┌─ Data to examine
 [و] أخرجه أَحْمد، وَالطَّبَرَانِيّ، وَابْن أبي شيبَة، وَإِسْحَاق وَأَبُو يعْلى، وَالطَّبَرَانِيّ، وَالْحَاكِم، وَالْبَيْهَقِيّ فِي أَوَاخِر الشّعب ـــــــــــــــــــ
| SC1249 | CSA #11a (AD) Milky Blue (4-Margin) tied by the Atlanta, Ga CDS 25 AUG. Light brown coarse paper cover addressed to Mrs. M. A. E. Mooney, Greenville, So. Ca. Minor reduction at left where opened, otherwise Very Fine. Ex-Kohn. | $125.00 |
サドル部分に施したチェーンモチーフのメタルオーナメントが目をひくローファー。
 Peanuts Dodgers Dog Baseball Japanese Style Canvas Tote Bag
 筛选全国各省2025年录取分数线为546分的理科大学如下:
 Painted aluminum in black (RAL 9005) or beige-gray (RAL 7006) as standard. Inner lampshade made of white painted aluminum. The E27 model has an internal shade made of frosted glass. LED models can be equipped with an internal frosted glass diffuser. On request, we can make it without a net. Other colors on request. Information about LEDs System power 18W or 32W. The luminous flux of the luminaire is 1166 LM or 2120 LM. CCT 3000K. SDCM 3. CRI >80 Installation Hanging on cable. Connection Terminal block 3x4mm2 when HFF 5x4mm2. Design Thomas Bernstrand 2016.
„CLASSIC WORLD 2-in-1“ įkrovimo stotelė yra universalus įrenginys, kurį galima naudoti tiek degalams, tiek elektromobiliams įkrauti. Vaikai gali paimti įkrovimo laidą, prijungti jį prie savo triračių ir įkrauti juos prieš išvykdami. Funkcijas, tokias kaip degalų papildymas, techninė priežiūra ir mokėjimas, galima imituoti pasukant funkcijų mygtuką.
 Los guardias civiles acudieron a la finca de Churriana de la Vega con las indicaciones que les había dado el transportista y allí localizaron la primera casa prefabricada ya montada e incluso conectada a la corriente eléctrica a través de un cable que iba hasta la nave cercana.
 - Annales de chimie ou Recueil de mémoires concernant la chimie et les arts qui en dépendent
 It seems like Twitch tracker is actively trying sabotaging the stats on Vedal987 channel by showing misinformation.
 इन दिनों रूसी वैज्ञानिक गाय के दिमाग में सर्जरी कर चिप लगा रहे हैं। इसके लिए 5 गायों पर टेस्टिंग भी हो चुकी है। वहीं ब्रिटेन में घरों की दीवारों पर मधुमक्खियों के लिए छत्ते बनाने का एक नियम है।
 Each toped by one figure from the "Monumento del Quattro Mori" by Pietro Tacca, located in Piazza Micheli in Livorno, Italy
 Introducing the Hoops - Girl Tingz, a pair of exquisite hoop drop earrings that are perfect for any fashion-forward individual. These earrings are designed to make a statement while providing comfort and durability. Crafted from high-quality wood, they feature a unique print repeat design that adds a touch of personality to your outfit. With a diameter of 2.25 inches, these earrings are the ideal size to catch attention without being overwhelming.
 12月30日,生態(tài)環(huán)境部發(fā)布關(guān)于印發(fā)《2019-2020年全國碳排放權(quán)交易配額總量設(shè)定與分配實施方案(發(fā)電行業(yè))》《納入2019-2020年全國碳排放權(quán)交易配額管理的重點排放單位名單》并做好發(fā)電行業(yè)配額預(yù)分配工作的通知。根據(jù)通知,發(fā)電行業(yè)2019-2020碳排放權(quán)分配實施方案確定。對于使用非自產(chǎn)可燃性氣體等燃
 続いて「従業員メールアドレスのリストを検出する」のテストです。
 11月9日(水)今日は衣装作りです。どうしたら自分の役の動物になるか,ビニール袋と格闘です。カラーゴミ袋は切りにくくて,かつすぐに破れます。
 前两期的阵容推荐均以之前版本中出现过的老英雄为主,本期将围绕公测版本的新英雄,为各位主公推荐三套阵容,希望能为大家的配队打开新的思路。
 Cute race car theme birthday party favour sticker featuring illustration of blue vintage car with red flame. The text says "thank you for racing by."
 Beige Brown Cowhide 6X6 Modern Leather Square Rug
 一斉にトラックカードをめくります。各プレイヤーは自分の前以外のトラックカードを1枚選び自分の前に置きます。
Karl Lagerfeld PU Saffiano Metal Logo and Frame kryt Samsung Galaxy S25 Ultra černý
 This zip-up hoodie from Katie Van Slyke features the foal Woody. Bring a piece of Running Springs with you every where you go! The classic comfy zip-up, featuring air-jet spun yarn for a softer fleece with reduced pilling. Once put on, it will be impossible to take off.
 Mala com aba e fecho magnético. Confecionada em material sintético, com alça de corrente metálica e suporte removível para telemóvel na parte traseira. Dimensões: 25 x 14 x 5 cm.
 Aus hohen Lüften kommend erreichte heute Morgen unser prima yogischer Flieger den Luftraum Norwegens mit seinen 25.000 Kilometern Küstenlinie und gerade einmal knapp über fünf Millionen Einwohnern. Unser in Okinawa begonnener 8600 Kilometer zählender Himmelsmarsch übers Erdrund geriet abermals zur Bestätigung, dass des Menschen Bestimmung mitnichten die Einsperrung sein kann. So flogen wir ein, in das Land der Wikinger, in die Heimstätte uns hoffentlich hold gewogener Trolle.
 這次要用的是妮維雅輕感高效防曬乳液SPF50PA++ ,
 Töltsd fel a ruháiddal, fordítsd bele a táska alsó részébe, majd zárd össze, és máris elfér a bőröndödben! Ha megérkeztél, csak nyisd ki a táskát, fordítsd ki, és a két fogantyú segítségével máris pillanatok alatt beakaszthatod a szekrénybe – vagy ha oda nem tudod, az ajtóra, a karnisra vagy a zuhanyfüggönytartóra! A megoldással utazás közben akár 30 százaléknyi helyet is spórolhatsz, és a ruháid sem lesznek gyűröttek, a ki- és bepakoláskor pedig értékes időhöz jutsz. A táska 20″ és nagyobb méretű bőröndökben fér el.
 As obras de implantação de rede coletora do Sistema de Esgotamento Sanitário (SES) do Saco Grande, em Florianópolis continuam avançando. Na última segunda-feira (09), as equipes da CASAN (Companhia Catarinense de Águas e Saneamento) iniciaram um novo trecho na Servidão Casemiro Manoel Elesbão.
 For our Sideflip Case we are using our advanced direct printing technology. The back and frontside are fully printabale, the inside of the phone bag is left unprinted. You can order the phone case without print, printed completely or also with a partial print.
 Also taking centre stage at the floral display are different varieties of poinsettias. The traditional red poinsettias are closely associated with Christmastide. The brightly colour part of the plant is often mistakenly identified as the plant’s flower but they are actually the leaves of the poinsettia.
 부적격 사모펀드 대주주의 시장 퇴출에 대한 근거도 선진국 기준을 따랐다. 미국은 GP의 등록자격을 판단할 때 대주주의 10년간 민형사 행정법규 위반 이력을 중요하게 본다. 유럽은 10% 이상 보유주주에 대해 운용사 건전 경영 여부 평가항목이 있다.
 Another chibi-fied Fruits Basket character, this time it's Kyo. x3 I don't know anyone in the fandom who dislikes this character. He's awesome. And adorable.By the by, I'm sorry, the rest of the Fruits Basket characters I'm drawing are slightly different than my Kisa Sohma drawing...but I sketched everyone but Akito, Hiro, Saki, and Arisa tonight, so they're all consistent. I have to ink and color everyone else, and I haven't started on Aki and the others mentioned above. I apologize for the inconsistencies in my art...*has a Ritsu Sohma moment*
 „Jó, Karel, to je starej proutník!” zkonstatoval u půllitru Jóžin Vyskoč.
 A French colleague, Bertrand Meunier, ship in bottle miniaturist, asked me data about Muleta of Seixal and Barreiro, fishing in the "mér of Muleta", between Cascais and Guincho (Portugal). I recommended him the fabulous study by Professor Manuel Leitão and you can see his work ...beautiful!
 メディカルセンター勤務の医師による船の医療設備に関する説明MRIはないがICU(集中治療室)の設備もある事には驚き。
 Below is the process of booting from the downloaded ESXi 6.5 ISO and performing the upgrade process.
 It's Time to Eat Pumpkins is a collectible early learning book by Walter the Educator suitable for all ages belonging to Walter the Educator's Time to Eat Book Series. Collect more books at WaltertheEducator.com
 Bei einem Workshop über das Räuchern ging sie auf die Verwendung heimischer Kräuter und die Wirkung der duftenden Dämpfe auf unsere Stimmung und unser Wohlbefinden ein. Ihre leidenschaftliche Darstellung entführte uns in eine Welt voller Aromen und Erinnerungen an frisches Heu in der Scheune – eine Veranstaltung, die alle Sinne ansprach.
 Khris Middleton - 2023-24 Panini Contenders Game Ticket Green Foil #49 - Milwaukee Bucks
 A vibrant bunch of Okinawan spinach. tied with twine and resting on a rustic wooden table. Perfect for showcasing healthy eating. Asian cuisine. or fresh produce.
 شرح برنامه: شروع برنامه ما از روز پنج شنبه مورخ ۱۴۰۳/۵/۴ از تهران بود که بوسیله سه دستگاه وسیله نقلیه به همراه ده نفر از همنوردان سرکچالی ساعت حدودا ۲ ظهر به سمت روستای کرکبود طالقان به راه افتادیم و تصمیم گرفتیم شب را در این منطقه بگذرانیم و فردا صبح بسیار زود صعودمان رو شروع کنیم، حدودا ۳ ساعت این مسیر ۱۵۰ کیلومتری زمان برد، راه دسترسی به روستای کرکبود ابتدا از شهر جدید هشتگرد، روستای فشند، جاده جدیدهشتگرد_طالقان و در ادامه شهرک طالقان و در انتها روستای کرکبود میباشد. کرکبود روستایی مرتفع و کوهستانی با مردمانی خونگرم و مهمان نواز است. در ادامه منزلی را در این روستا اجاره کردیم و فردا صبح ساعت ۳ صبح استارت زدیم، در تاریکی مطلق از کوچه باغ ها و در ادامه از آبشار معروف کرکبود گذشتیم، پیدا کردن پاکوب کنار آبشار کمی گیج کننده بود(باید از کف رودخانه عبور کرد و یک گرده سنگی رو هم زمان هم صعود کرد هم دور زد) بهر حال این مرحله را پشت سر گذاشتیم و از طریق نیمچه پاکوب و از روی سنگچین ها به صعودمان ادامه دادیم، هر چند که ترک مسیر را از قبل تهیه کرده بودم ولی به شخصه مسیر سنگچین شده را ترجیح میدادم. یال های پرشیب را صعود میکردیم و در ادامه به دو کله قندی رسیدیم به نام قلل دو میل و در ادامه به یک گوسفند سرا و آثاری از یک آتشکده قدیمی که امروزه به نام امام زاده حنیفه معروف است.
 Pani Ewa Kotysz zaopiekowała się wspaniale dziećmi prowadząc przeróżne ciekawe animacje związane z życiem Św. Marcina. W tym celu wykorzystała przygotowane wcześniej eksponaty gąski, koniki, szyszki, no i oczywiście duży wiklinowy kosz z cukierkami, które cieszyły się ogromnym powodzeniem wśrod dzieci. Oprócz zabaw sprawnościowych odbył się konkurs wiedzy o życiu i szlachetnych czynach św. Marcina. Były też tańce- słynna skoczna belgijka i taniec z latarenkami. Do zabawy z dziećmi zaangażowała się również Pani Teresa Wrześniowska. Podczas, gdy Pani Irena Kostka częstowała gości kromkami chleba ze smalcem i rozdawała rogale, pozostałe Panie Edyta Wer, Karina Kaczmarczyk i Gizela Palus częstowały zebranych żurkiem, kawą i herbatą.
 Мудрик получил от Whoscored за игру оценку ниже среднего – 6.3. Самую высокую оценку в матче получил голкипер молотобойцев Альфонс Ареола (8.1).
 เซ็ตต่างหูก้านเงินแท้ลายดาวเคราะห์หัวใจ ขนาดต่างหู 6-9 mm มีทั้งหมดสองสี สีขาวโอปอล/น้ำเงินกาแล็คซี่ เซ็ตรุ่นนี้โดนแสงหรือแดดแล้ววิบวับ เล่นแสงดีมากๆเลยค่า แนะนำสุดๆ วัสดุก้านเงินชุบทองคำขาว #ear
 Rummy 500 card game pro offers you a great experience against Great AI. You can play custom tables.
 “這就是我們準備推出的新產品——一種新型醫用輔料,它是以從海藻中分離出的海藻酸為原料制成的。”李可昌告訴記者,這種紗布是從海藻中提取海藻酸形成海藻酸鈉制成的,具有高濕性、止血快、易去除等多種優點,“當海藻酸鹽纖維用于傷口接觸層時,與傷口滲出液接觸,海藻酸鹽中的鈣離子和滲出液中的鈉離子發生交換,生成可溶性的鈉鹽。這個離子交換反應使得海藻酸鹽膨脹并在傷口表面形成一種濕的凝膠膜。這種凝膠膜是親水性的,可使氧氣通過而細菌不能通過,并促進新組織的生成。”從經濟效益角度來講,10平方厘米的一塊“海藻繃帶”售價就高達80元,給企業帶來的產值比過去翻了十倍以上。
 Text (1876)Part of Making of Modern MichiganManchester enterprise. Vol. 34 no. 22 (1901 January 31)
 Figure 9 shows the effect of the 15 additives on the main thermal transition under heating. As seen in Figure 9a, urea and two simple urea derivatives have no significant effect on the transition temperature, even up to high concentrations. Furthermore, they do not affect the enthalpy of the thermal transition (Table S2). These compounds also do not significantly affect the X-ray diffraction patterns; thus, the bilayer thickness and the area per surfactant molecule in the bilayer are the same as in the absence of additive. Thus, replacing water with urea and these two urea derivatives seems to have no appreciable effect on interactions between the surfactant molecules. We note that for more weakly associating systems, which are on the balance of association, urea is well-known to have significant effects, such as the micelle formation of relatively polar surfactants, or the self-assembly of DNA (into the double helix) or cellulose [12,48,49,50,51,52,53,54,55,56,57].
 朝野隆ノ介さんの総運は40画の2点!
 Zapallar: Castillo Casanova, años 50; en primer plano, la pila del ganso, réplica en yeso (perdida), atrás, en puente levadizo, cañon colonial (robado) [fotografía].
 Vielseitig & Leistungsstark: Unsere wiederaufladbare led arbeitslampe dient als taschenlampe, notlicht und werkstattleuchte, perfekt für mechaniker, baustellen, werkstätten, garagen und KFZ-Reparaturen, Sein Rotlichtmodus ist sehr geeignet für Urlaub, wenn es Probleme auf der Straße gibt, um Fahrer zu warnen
└─
Lines wanted from the listing above: the line with "It's Time to" up to and including the line with "Khris Middleton - 2023-24". Please write them out exactly, adding nothing else.

[Expected answer]
 It's Time to Eat Pumpkins is a collectible early learning book by Walter the Educator suitable for all ages belonging to Walter the Educator's Time to Eat Book Series. Collect more books at WaltertheEducator.com
 Bei einem Workshop über das Räuchern ging sie auf die Verwendung heimischer Kräuter und die Wirkung der duftenden Dämpfe auf unsere Stimmung und unser Wohlbefinden ein. Ihre leidenschaftliche Darstellung entführte uns in eine Welt voller Aromen und Erinnerungen an frisches Heu in der Scheune – eine Veranstaltung, die alle Sinne ansprach.
 Khris Middleton - 2023-24 Panini Contenders Game Ticket Green Foil #49 - Milwaukee Bucks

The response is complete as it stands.